Prin snarled at it; the creature took another half-step back. Its fellows across the hillside had stopped and now stood motionless, looking on. They would wait and see which way this was going to go before deciding either to join in with leave-some-for-me! bravado, or pretend it had been nothing to do with them in the first place.
Prin shook the still-catatonically-inert Chay towards the osteophager.
The osteophager blinked, looked round with apparent unconcern, checking to see what the rest of its detail was doing. Not coming bounding to its side to face down this sudden interloper steadfastly and together, clearly. The creature looked down, brushed at the ground in front of it with the back of one paw, claws mostly retracted.
Prin snarled again, clutched Chay to his chest, turned and bounded down the hillside past decaying corpses and spikes pennanted with ragged strips of flesh. He splashed through the dark stream of blood and went springing diagonally up the slope towards the mill. The group from the giant beetle had disappeared inside the building. The beetle itself had closed its abdomen and was unpacking its wings from beneath its gleaming wing covers. Prin was close enough to see demons moving inside its enormous faceted eyes.
Pilots, he thought, for an assemblage of code that might as well have been kept aloft through the wielding of an enchanted feather, or a magic anvil for that matter.
He leapt on up the hillside, towards the mill.
Five
From somewhere came the idea that there were many different levels of sleeping, of unconsciousness, and therefore of awakening. In the midst of this pleasant woozy calm – warm, pleasantly swaddled, self-huggingly curled up, a sort of ruddy darkness behind the eyelids – it was an easy and comforting thing to contemplate the many ways one might be away, and then come back.
You fell asleep just for an instant sometimes; that sudden nod and jerk awake again, lasting a moment. Or you had short naps, often self-timed, limited by knowing you had a few minutes or a half-hour or whatever.
Of course you had your classic Good Night’s Sleep, however much things like shift systems and all-night facilities and drugs and city lighting might sometimes interfere.
Then there was the deeper unconsciousness of being knocked out, put carefully under for some medical procedure, or randomly banging your head and briefly not even knowing your own name. Also, people still lapsed into comas, and came out of those very gradually; that must be an odd feeling. And for a while there, for the last few centuries, though not so often these days because things had moved on, there was the sub-sleep of deep space travel, when you were put into a sort of deep, long-term hibernation for years or decades at a time, kept frigidly cold and barely alive, to be revived when your destination approached. Some people had been kept like this back at home, too, awaiting medical advances. Waking up from something like that must be quite a strange thing, she thought.
She felt an urge to turn over, as though she was nestled in a fabulously comfortable bed but now had spent enough time on this side and needed to shift to lie the other way. She felt very light, she realised, though even as she thought this she seemed to feel very slightly, reassuringly heavier.
She felt herself take a deep, satisfying breath, and duly turned over, eyes still tightly closed. She had a vague feeling that she didn’t entirely know where she was, but it didn’t bother her. Usually that was a slightly disturbing sensation, occasionally even a very disturbing, frightening experience, but not this time. Somehow she knew that wherever she was she was safe, cared for, and in no danger.

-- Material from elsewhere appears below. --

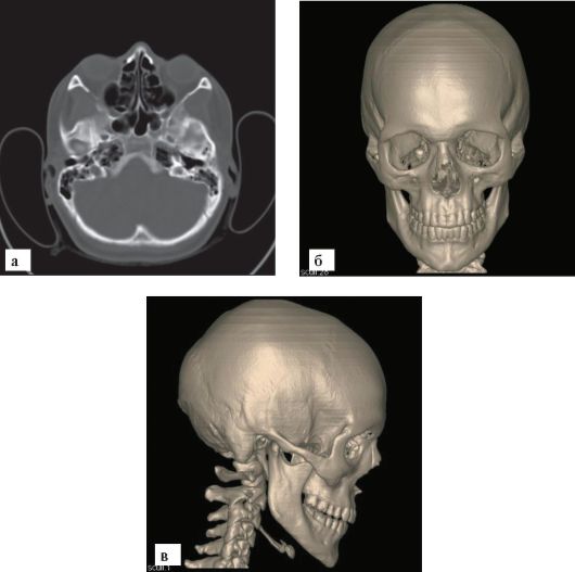 Рис. 3-5. МСКТ черепа: а - поперечный срез; б - трехмерная реконструкция, вид спереди; в - трехмерная реконструкция, вид сбоку ференцируются борозды оболочных артерий, каналы и звездчатые разветвления диплоэтических вен и пахионовых грануляций, а также пальцевые вдавления. Отдельные кости черепа соединяются между собой разного вида швами. В черепе ребенка места с неоконченным окостенением называются родничками. Более широкие возможности для изучения костей черепа представляет КТ. В современных МСКТ фронтальные и сагиттальные срезы реконструируются из набора аксиальных (рис. 3-5). Преимуществом КТ является не только отсутствие суммации теней, но и наличие воз- можности изучения всех тканей данного уровня, включая вещество головного мозга. Верхнюю и нижнюю челюсти, височно-нижнечелюстной сустав исследуют с помощью традиционной рентгенографии и на специальных дентальных рентгенодиагностических аппаратах. В специализиро- ванных клиниках к рентгеновскому методу добавляется КТ и МРТ. Суставы состоят из суставных поверхностей соответствующих костей и хрящевых структур. Последние на рентгенограммах не определяются. Из-за проекционного искажения суставная щель на рентгенограммах шире анатомической. Суставные концы костей четко очерчены и окаймлены плотной замыкающей (субхондральной) пластиной, которая имеет вид плотной тонкой тени. Эта тень является продолжением тени коркового слоя диафиза (рис. 3-6). В специализированных ортопедических клиниках для исследова-

She felt good. Really good, in fact.
When she thought about it, she realised that she couldn’t remember ever having felt so good, so secure, so happy. She felt a tiny frown form on her face. Oh, come on, she told herself. She
She knew that if she woke up fully she would remember properly, but – much as a part of her wanted to be completely awake, to answer this question and sort all this out – another part of her was too happy just lying here, wherever she was, drowsy, secure and happy.